Write out every entry precisely as given, leaving the pictures out.

*** Begin section ***

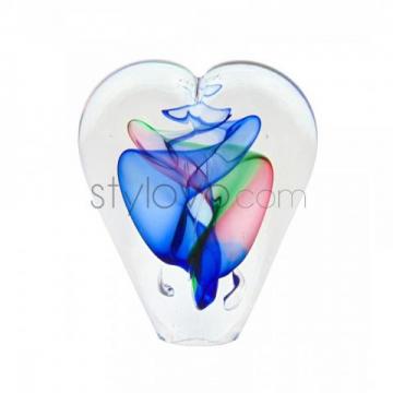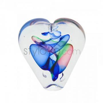 Przedstawiamy Państwu szklane serce. Z zewnątrz przedmiot jest pokryty szkłem bezbarwnym, natomiast w środku są zatopione barwne warstwy szkła. Całość jest utrzymana w pieknej niebieskiej tonacji.
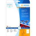 Hvite, matte etiketter på A4-ark, selvklebende. Slitesterke. Passer til vinduer, informasjons-og advarselsskilt, til lager og produksjon. Værbestandig overflate, motstandsdyktig ovenfor UV-stråling, olje og skitt. Tåler temperaturer mellom -30°C og +80°C. For laserprintere og kopimaskiner. Ikke for Inkjetprintere.
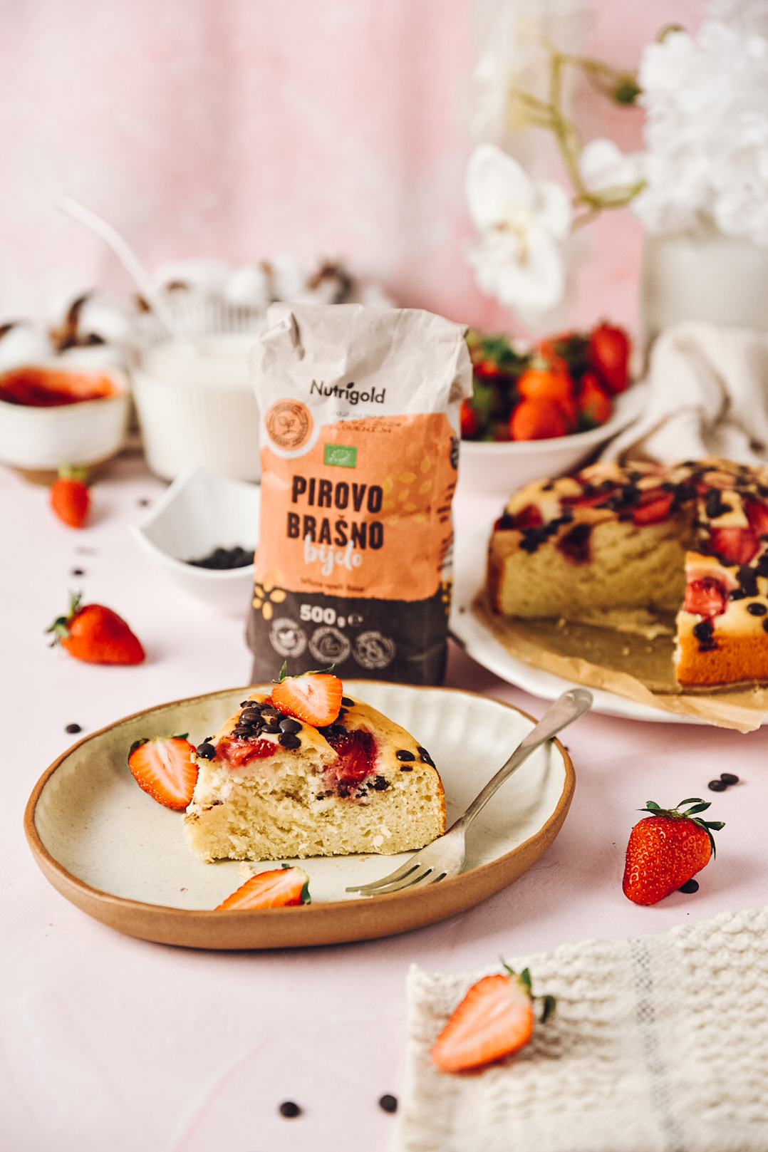Okusna sladica s sadjem iz zmesi za palačinke bo nastala in izginila v hipu! Za pripravo potrebujete le nekaj dosegljivih sestavin, eno skledo in stepeno metlico. Vse sestavine zmešajte s stepeno metlico, prestavite v model za peko, dodajte jagode in čokoladne koščke in voila - kolač je prirpavljen za peko!
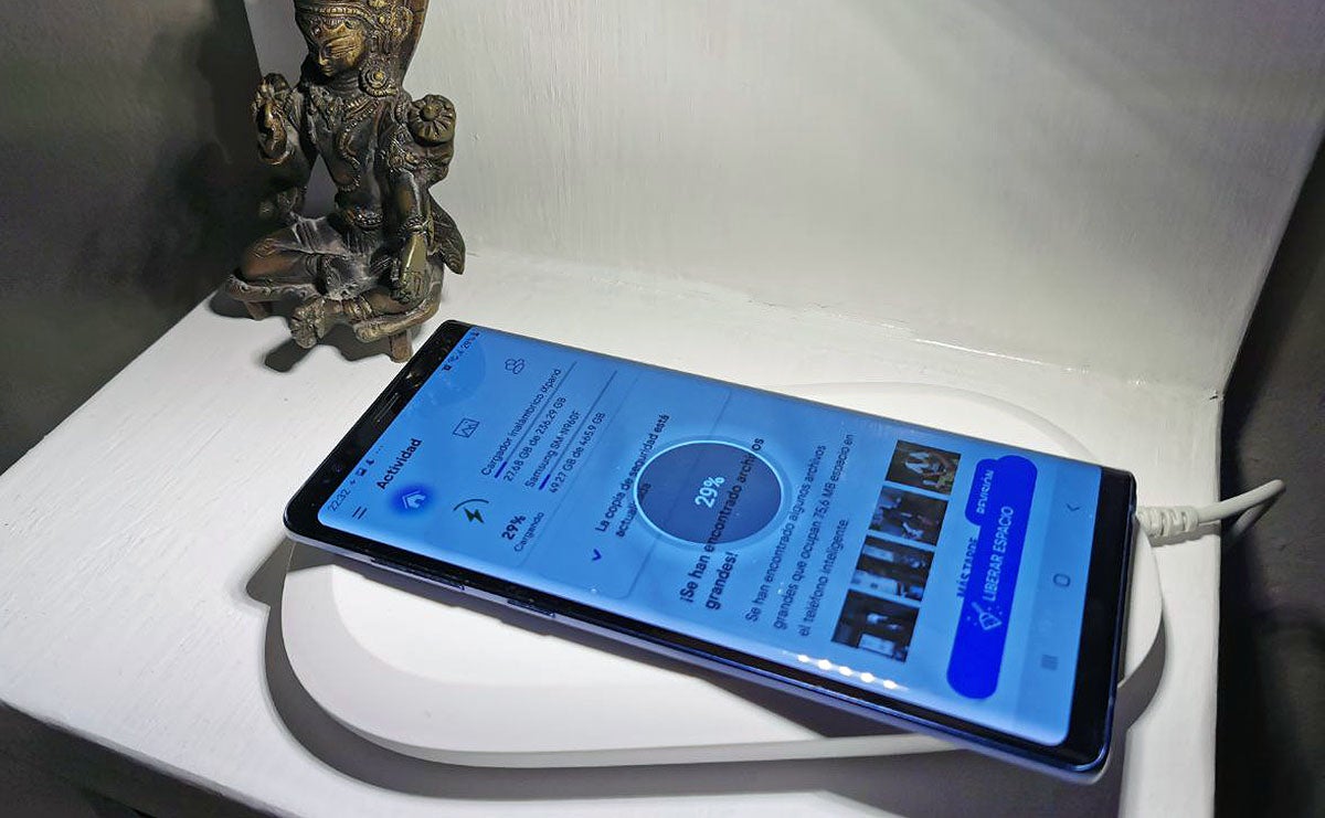 El móvil debe estar bastante centrado sobre la base (si lo posamos lejos del centro no carga) y no permite cargar varios dispositivos a la vez. Por fortuna, la carga funciona sin tener que retirar la funda por muy gruesa que sea esta. Según mis pruebas carga hasta separado hasta unos tres milímetros de la base, que es una distancia muy superior al grosor normal de una funda. Tampoco he observado que el móvil se caliente especialmente.
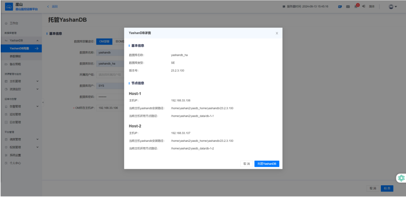 将192.168.33.168加入YCM后再次托管数据库,YCM报错host003 is not found in node map
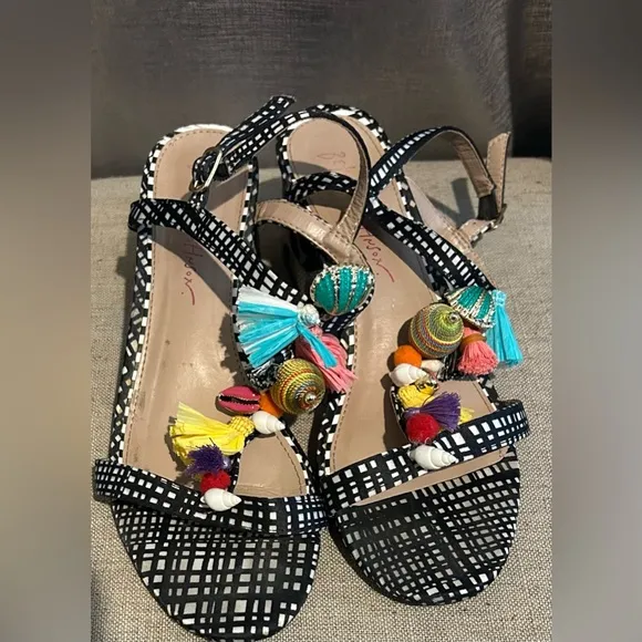 Step out in style with these vibrant sandals featuring playful tassels. Perfect for adding a pop of... Show more
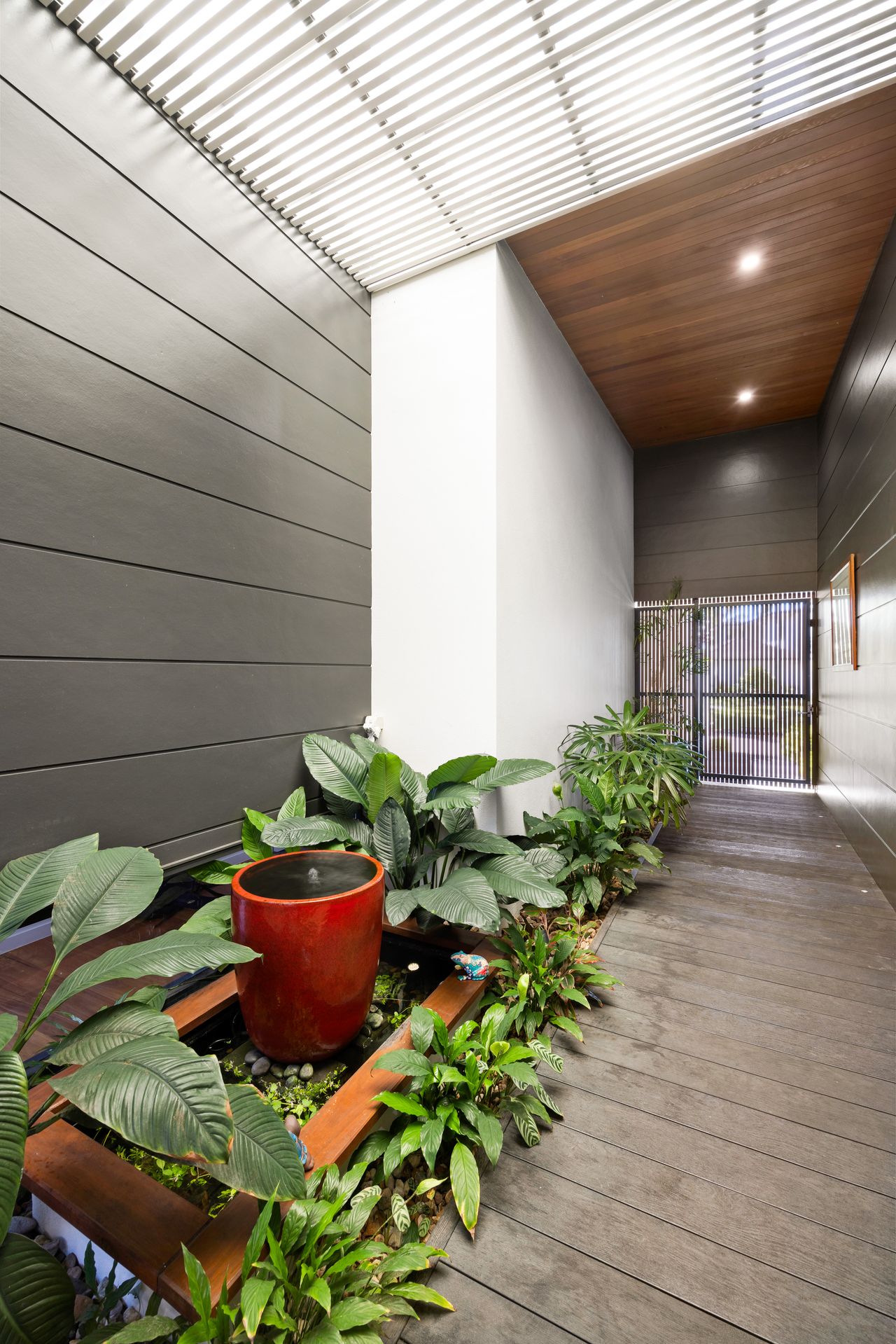 • Coded front gate leading to a serene undercover walkway with garden, goldfish pond, and water feature
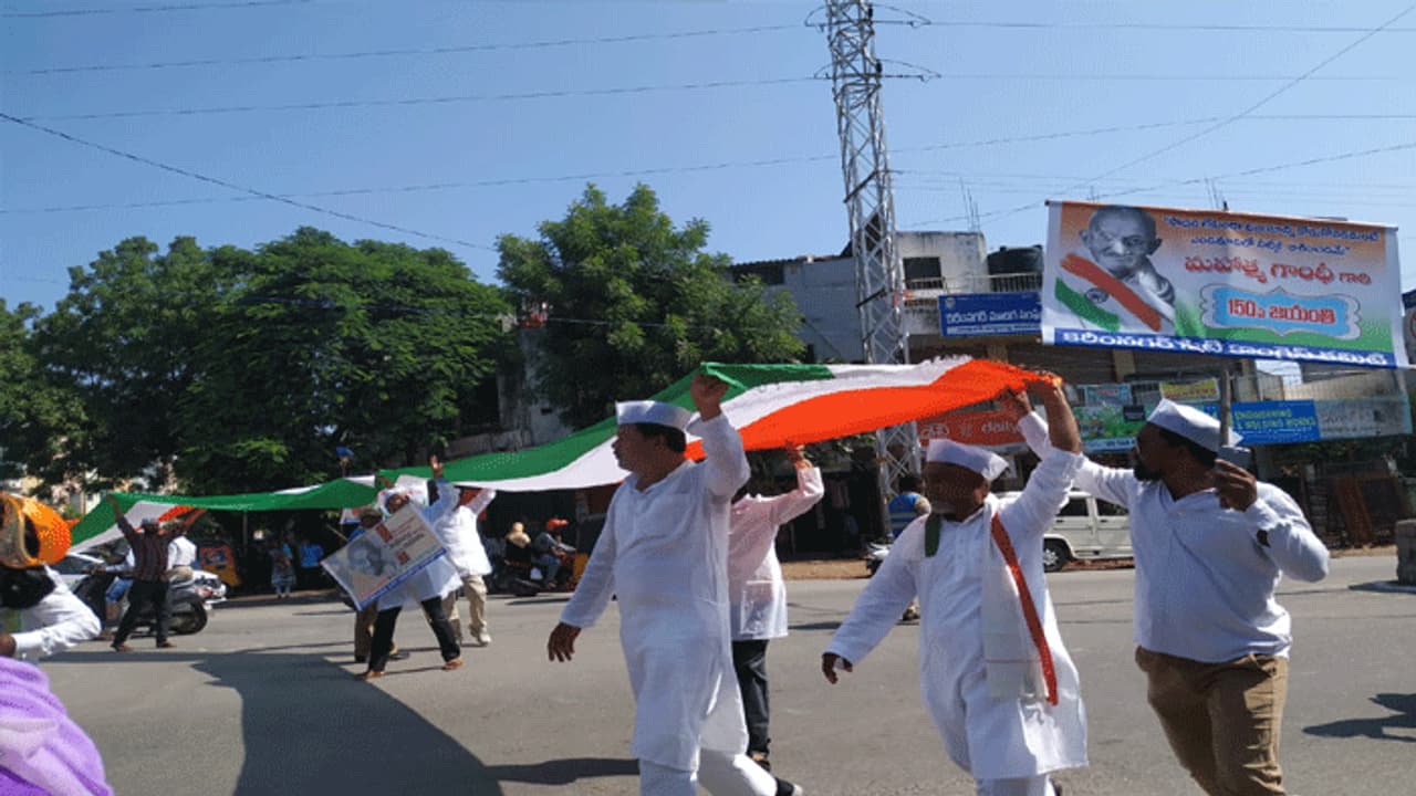 150వ జయంతి కనుక 150మీటర్ల పొడవుగల జాతీయ పతకాన్ని తయారు చేసి... ఊరేగించారు. రాజు చౌక్ నుంచి గాంధీ విగ్రహం వరకు ర్యాలీ నిర్వహించారు. గాంధీ ప్లకార్డులను ప్రదర్శించారు. గాంధీ సూక్తులను ప్రదర్శించారు. అనంతరం గాందీ విగ్రహానికి పూలమాలలు వేసి నివాళులర్పించారు. ఈ కార్యక్రమంలో జిల్లాకు చెందిన పలువురు సీనియర్ నేతలు, పార్టీ కార్యకర్తలు పాల్గొన్నారు. 150మీటర్ల జాతీయ పతాకాన్ని ప్రదర్శించడం అందరినీ ఆకట్టుకుంది.
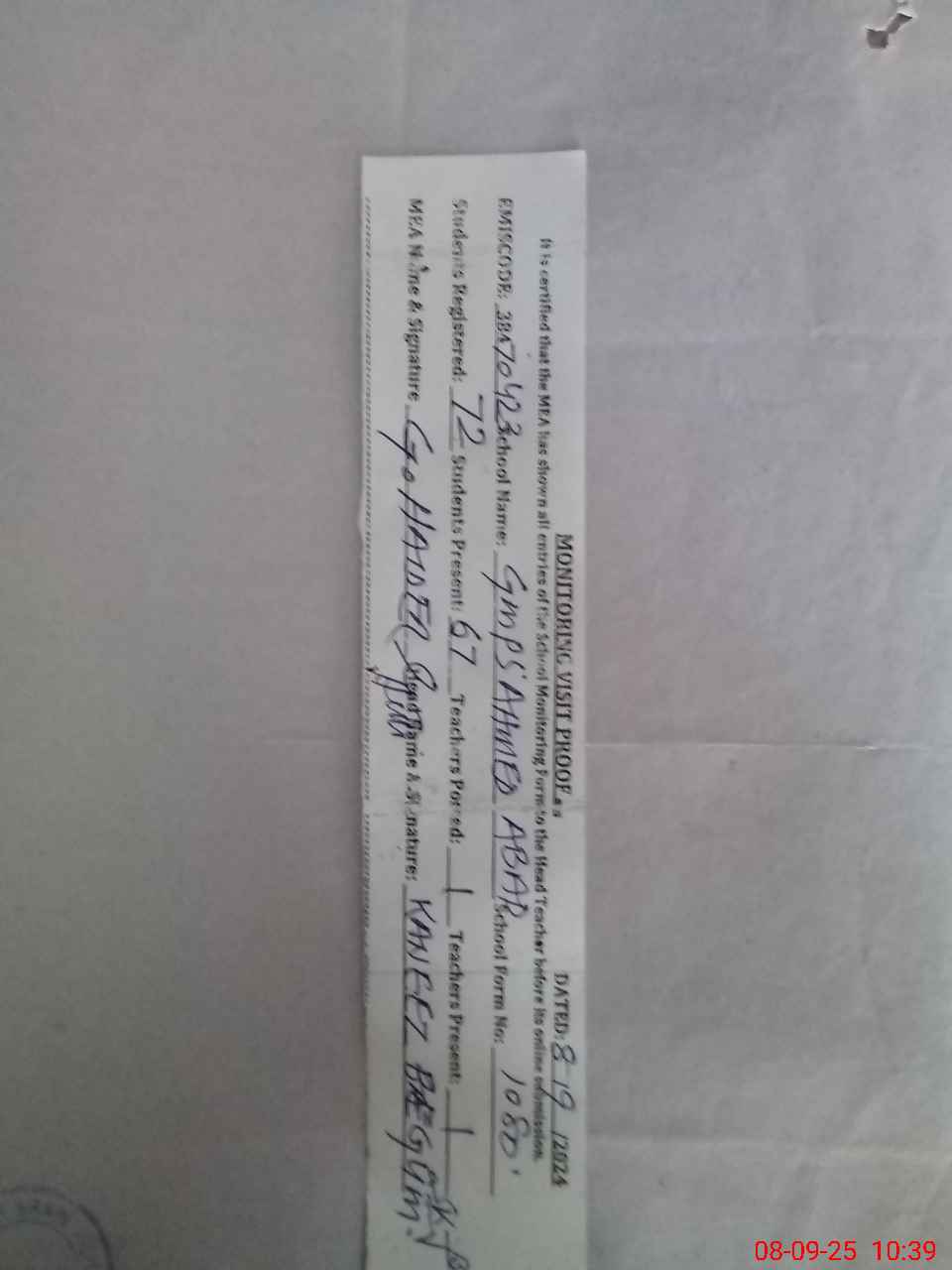 | Monitoring Date: 08-09-2025 | Start Time: 08-09-2025 10:30 AM | End Time: 08-09-2025 11:10 AM | Name of MEA: GH**** HA**** | |
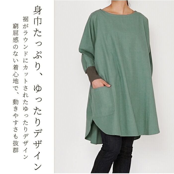 ・裾がラウンドにカットされたゆったりデザイン。窮屈感のない着心地で、動きやすさも抜群。
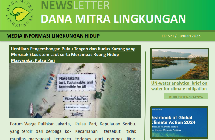 Newsletter Dana Mitra Lingkungan Edisi I bulan Januari 2025 dibuat sebagai wadah penyampaian data, informasi dan pengetahuan terkait lingkungan hidup yang tersaji pada website Dana Mitra Lingkungan secara berkala dalam periode dua minggu.
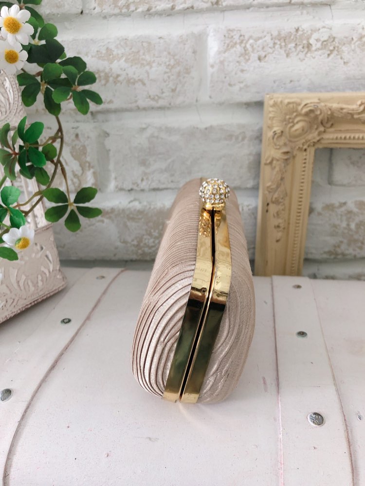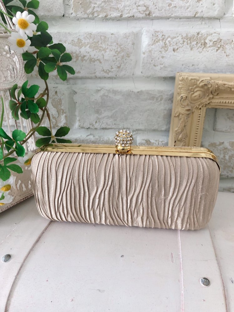 ドレスコーディネートの脇役にふさわしいカラーのパーティーバッグ。細かなギャザーデザインバッグは、品があってとってもエレガント。クラッチバッグとしても、チェーンを持って通常のパーティーバッグとしてもGOOD。 装飾が少なくシンプルな分、メーンのドレスは柄物でもシンプルな物でもマルチにコーディネートを引き立ててくれる優れもの♪ シーンや年齢問わず、安心してお使い頂けます。 定番のシャンパンゴールドカラーバッグは、あらゆるコーディネートをシックにまとめてくれますよ。
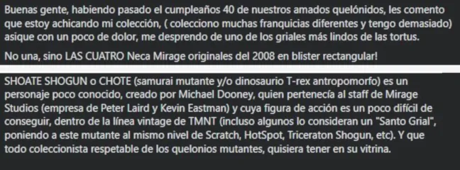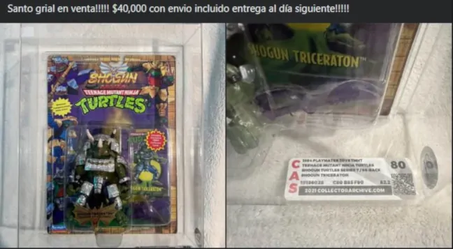 Imagen de una venta de Shogun Triceraton, refiriéndose como un santo grial
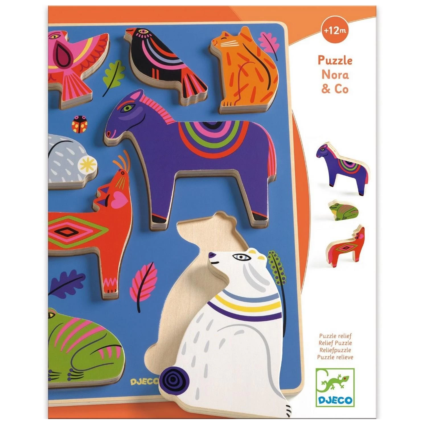 Nora & Co est un puzzle en bois facile à assembler sur le thème des animaux de la forêt. Les pièces en relief permettent à l’enfant de jouer avec les animaux. Des pièces larges qui sont faciles à attraper pour les petits. Les animaux tiennent debout, pour encore plus de jeu ! Vendu dans une boîte : pratique pour offrir et pour ranger.

*** End section ***

> Finished exercise:
 Przedstawiamy Państwu szklane serce. Z zewnątrz przedmiot jest pokryty szkłem bezbarwnym, natomiast w środku są zatopione barwne warstwy szkła. Całość jest utrzymana w pieknej niebieskiej tonacji.
 Hvite, matte etiketter på A4-ark, selvklebende. Slitesterke. Passer til vinduer, informasjons-og advarselsskilt, til lager og produksjon. Værbestandig overflate, motstandsdyktig ovenfor UV-stråling, olje og skitt. Tåler temperaturer mellom -30°C og +80°C. For laserprintere og kopimaskiner. Ikke for Inkjetprintere.
Okusna sladica s sadjem iz zmesi za palačinke bo nastala in izginila v hipu! Za pripravo potrebujete le nekaj dosegljivih sestavin, eno skledo in stepeno metlico. Vse sestavine zmešajte s stepeno metlico, prestavite v model za peko, dodajte jagode in čokoladne koščke in voila - kolač je prirpavljen za peko!
 El móvil debe estar bastante centrado sobre la base (si lo posamos lejos del centro no carga) y no permite cargar varios dispositivos a la vez. Por fortuna, la carga funciona sin tener que retirar la funda por muy gruesa que sea esta. Según mis pruebas carga hasta separado hasta unos tres milímetros de la base, que es una distancia muy superior al grosor normal de una funda. Tampoco he observado que el móvil se caliente especialmente.
 将192.168.33.168加入YCM后再次托管数据库,YCM报错host003 is not found in node map
 Step out in style with these vibrant sandals featuring playful tassels. Perfect for adding a pop of... Show more
 • Coded front gate leading to a serene undercover walkway with garden, goldfish pond, and water feature
 150వ జయంతి కనుక 150మీటర్ల పొడవుగల జాతీయ పతకాన్ని తయారు చేసి... ఊరేగించారు. రాజు చౌక్ నుంచి గాంధీ విగ్రహం వరకు ర్యాలీ నిర్వహించారు. గాంధీ ప్లకార్డులను ప్రదర్శించారు. గాంధీ సూక్తులను ప్రదర్శించారు. అనంతరం గాందీ విగ్రహానికి పూలమాలలు వేసి నివాళులర్పించారు. ఈ కార్యక్రమంలో జిల్లాకు చెందిన పలువురు సీనియర్ నేతలు, పార్టీ కార్యకర్తలు పాల్గొన్నారు. 150మీటర్ల జాతీయ పతాకాన్ని ప్రదర్శించడం అందరినీ ఆకట్టుకుంది.
 | Monitoring Date: 08-09-2025 | Start Time: 08-09-2025 10:30 AM | End Time: 08-09-2025 11:10 AM | Name of MEA: GH**** HA**** | |
 ・裾がラウンドにカットされたゆったりデザイン。窮屈感のない着心地で、動きやすさも抜群。
 Newsletter Dana Mitra Lingkungan Edisi I bulan Januari 2025 dibuat sebagai wadah penyampaian data, informasi dan pengetahuan terkait lingkungan hidup yang tersaji pada website Dana Mitra Lingkungan secara berkala dalam periode dua minggu.
 ドレスコーディネートの脇役にふさわしいカラーのパーティーバッグ。細かなギャザーデザインバッグは、品があってとってもエレガント。クラッチバッグとしても、チェーンを持って通常のパーティーバッグとしてもGOOD。 装飾が少なくシンプルな分、メーンのドレスは柄物でもシンプルな物でもマルチにコーディネートを引き立ててくれる優れもの♪ シーンや年齢問わず、安心してお使い頂けます。 定番のシャンパンゴールドカラーバッグは、あらゆるコーディネートをシックにまとめてくれますよ。
 Imagen de una venta de Shogun Triceraton, refiriéndose como un santo grial
 Nora & Co est un puzzle en bois facile à assembler sur le thème des animaux de la forêt. Les pièces en relief permettent à l’enfant de jouer avec les animaux. Des pièces larges qui sont faciles à attraper pour les petits. Les animaux tiennent debout, pour encore plus de jeu ! Vendu dans une boîte : pratique pour offrir et pour ranger.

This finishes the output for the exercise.